Thursday, May 21, 2020

The Forgotten People

Canada has made it a point to forget about the Yazidis.

Now, investigators have put together a case against the people who nearly wiped them out:

This was Hajji Abdullah, a religious judge at the time and labeled one of the architects of the militant group’s enslavement of Iraq’s Yazidi religious minority, who rose to become deputy to IS leader Abu Bakr al-Baghdadi. He’s believed to be the late al-Baghdadi’s successor, identified only by the pseudonym Abu Ibrahim al-Hashimi al-Qurayshi.

A group of investigators with the Commission for International Justice and Accountability is amassing evidence, hoping to prosecute IS figures for crimes against humanity, war crimes and genocide -- including Hajji Abdullah.

Hajji Abdullah was previously accused of involvement in the slave trade, most notably in a wanted poster circulated by the U.S. setting a $5 million bounty on his head. But his prominence in the creation and oversight of the slave trade has never been spotlighted.

“IS fighters didn’t take it upon themselves to rape these women and girls.
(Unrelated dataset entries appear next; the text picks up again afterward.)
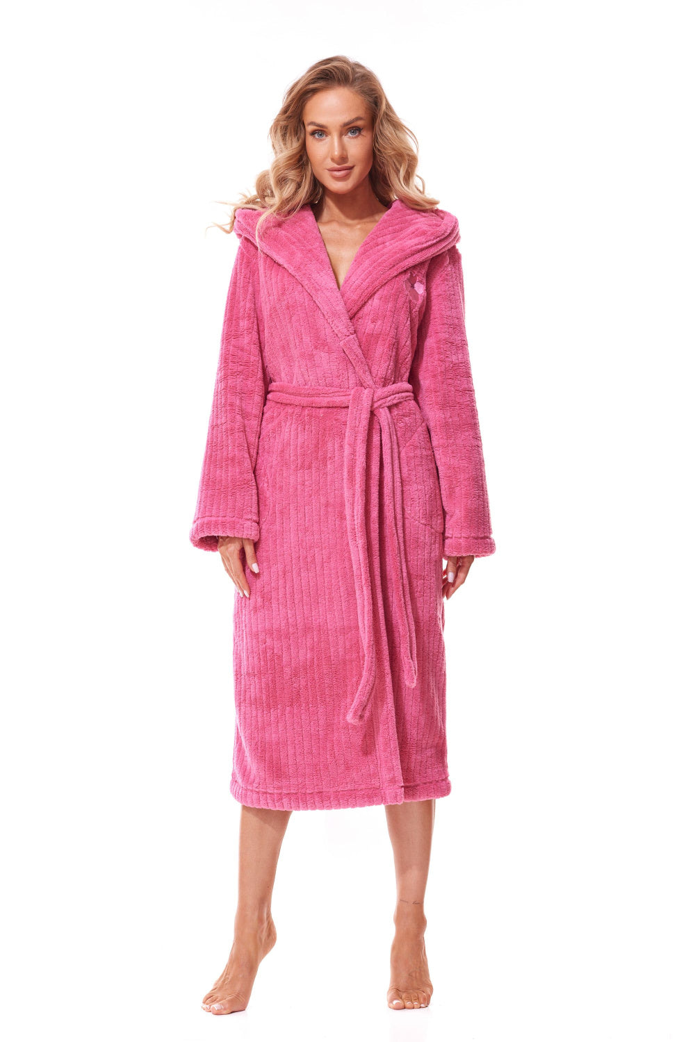 Albornoz de mujer de corte holgado y cómodo, confeccionado en suave tejido de punto con textura acanalada para mayor comodidad y calidez. El largo por encima de la rodilla lo hace perfecto como prenda para estar en casa y como accesorio elegante para las noches tranquilas. El albornoz tiene prácticos bolsillos en los laterales y un bordado decorativo que le da un toque único. Atado con un cinturón, permite un ajuste relajado. Presentado en una elegante bolsa, también es una idea de regalo ideal para un ser querido, ya que combina comodidad con elegancia.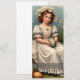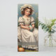 Uma jovem com um vestido elegante de vintage se senta em um tronco de madeira, segurando um óvulo de Páscoa belamente decorado. Cercado por flores florescentes e um curioso coelho, a cena exude calor, nostalgia e espírito de Páscoa.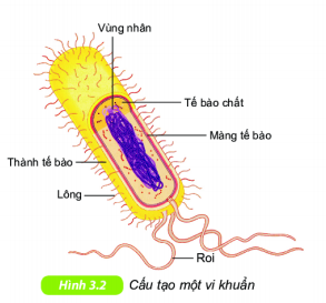 Quan sát hình 3.2, trình bày cấu tạo của tế bào vi khuẩn. Vì sao nói vi khuẩn là sinh vật có cấu tạo cơ thể đơn giản nhất trong thế giới sống?

There was a carefully executed plan to enslave, sell, and rape Yazidi women presided over by the highest levels of the IS leadership,” said Bill Wiley, executive director and founder of CIJA. “And in doing so, they were going to eradicate the Yazidi group by ensuring there were no more Yazidi children born.”
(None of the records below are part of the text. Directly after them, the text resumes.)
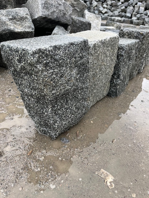 - Massiva granitblock (vanligtvis 100 × 20 × 10 cm) kluvna eller finskurna, installerade som stomme för terrasser, uppfarter och gångvägar.
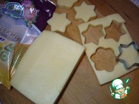 С помощью металлических вырубок для печенья я вырезала из сыра основание для канапе. |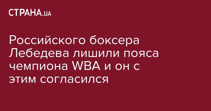 Всемирная боксерская ассоциация (WBA) лишила россиянина Дениса Лебедева титула чемпиона мира в первом тяжелом весе.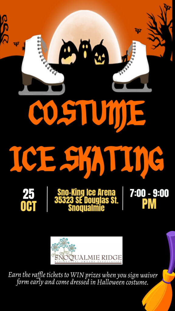 The Ridge Owners Association (ROA) is hosting a FREE Spooktacular Family Ice Skating event exclusively for Snoqualmie Ridge residents. Enjoy free entry to the ice rink, skate rentals, light refreshments, and raffle prizes! Earn additional raffle tickets by wearing a costume and signing the electronic waiver in advance.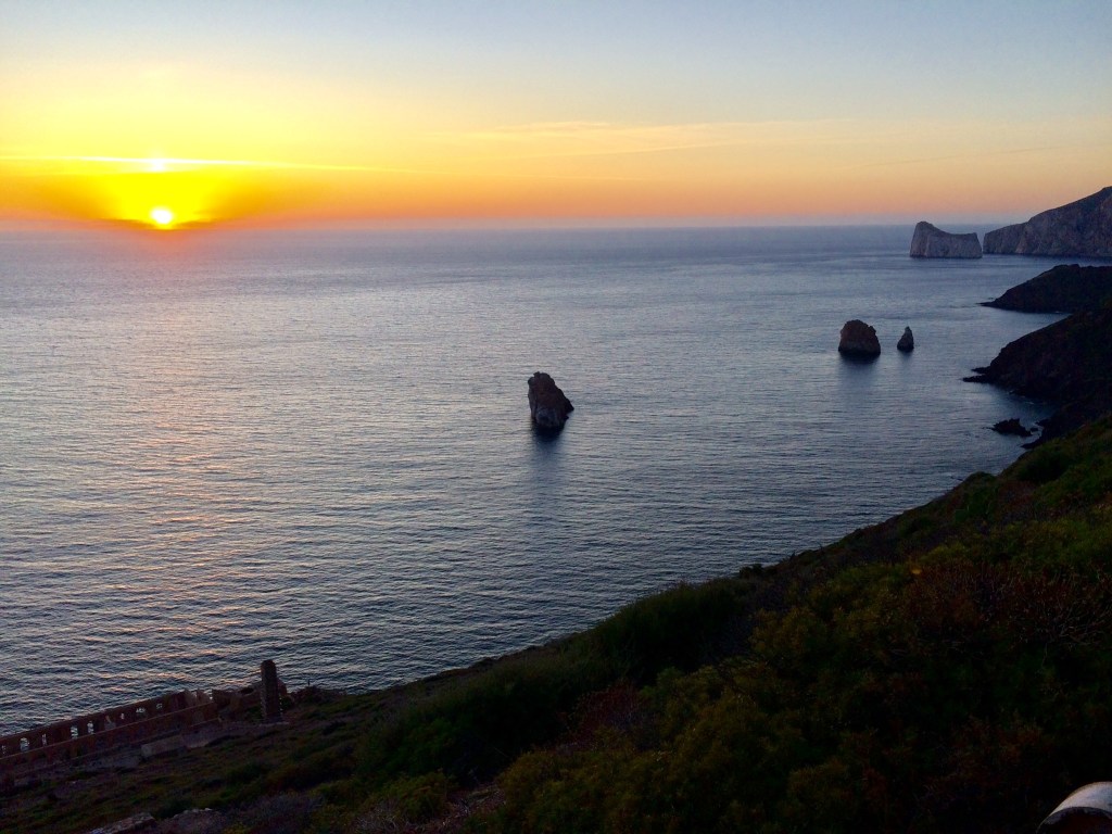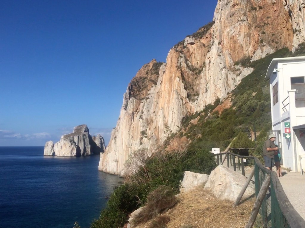 The centre of Nebida village is a square and to the cliff side of that a round hill with a “ Belvedere” that encircled it. The views from the Belvedere were extraordinary, early in the morning superb, and sunsets viewed from the pizza restaurant actually on the Belvedere, magical.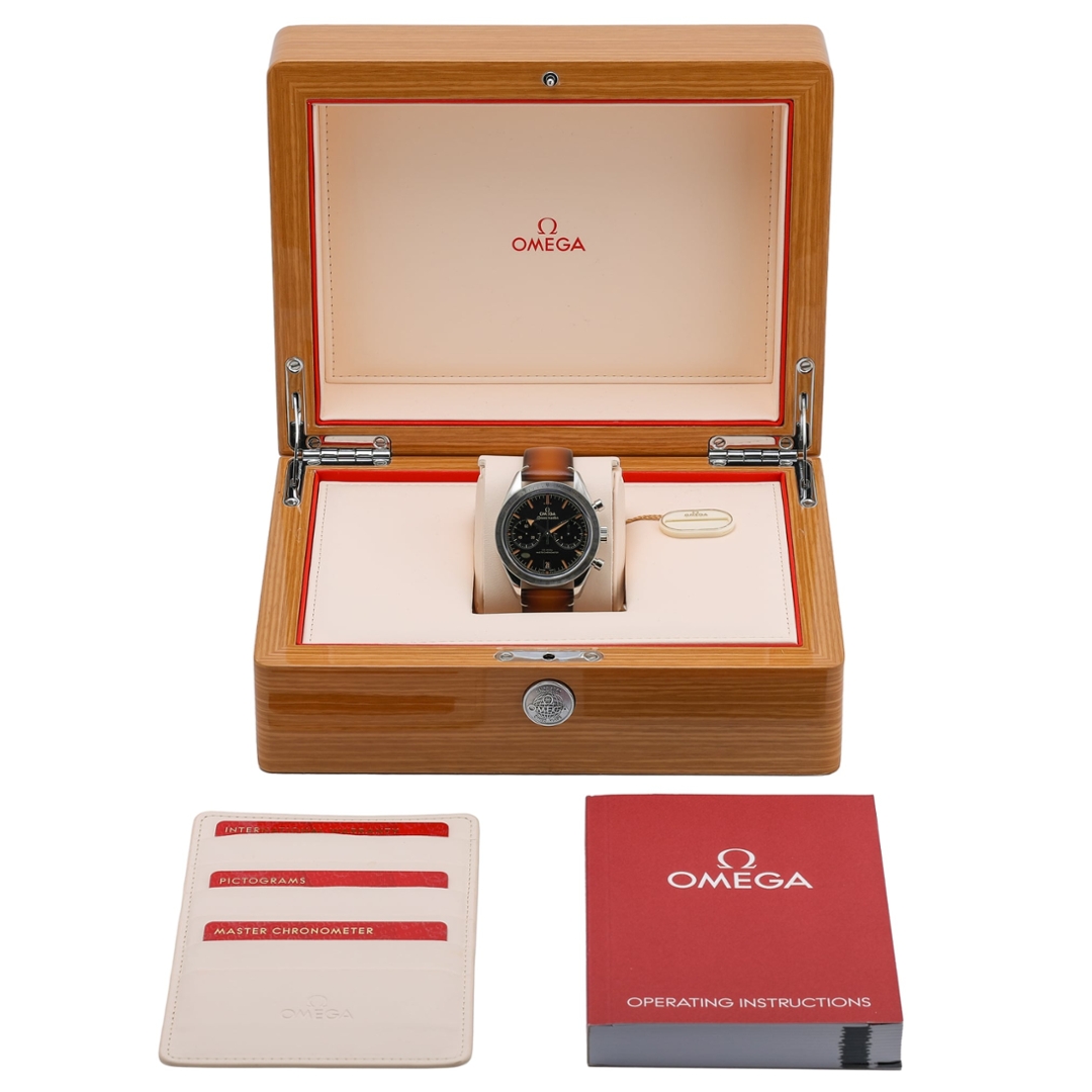 Originally from 2024 and supplied with its original Omega paperwork, this example is offered boxed and certified, with Omega manufacturer warranty running until 2029. A strong contemporary interpretation of the Speedmaster line, this ’57 appeals to collectors seeking everyday usability alongside enduring design and proven mechanical performance.

CIJA shared some of its findings with The Associated Press. The group, through IS documents and interviews with survivors and insiders, identified 49 prominent IS figures who built and managed the slave trade, as well as nearly 170 slave owners, including Western, Asian, African and Arab fighters. These also include top financiers, military commanders, local governors and women traders, many of them from the region neighboring the Yazidi community’s villages.